COTI Cracks the Millionaires’ Problem on Ethereum Testnet With Garbled Circuits

- $COTI solved Yao’s ‘Millionaires Problem’ on Ethereum’s Sepolia testnet using Garbled Circuits with no trusted intermediaries.
- The solution was developed with Soda Labs, is live on mainnet, and is compatible with the EVM environment and Solidity.
- Vitalik Buterin had publicly identified Garbled Circuits as the path toward purely cryptographic guarantees in multiparty computation.
$COTI solved Yao’s ‘Millionaires Problem’ on Ethereum’s Sepolia testnet using Garbled Circuits, with no trusted intermediaries and end-to-end encryption. The demonstration was published this week. It is the first practical solution to this foundational challenge of secure multiparty computation —known as MPC— on Ethereum’s public infrastructure.
The problem was formulated in 1982 by scientist Andrew Yao: how can two parties determine which one holds more wealth without either revealing their actual value? For more than four decades, that question served as the ultimate benchmark for any system aspiring to execute verifiable private computation. $COTI had already solved this challenge on its own network in February 2025. The transition to Sepolia extends that capability into the Ethereum ecosystem.
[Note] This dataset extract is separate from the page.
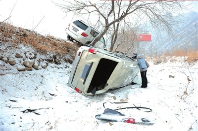 門頭溝忠良書院附近,兩輛車一掛樹一翻溝。本報記者王苡萱攝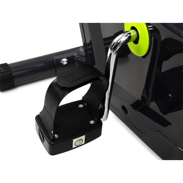 Rowerek posiada antypoślizgowe pedały ze sprzączkami na rzepy, mającymi na celu utrzymanie stabilności stopy w trakcie wysiłku oraz zapobieganie kontuzjom.

$COTI Injects Garbled Circuits Into the Heart of Ethereum
In the demonstration, two parties enter private values representing their wealth. Neither exposes their actual data to the counterparty or to the network. The computation operates over encrypted data and produces a verifiable result —who holds more— without any plaintext value being recorded on-chain. The entire process operates with no centralized trust setup or privileged actor of any kind.
The implementation was developed in collaboration with Soda Labs and has been live on $COTI’s mainnet since March 2025. The gcEVM engine, compatible with EVM, allows developers to write confidential smart contracts in Solidity using standard tools like Hardhat, incorporating privacy parameters to leverage MPC capabilities.

Privacy-on-Demand
The deployment on Sepolia anticipates the arrival of Privacy-on-Demand, $COTI’s initiative to extend Garbled Circuits as a service layer to Ethereum and other chains. The proposal targets specific use cases: protection of execution parameters in DeFi protocols, handling of private data in institutional applications, and governance voting systems in decentralized settings without exposure of individual inputs.
Vitalik Buterin, co-founder of Ethereum, publicly stated that Garbled Circuits are the path toward purely cryptographic security guarantees in multiparty computation. At ETH Tokyo 2025, Buterin also highlighted their speed compared to more complex forms of MPC and the range of cases where the technology delivers real value. $COTI is the only project that responded directly to that call.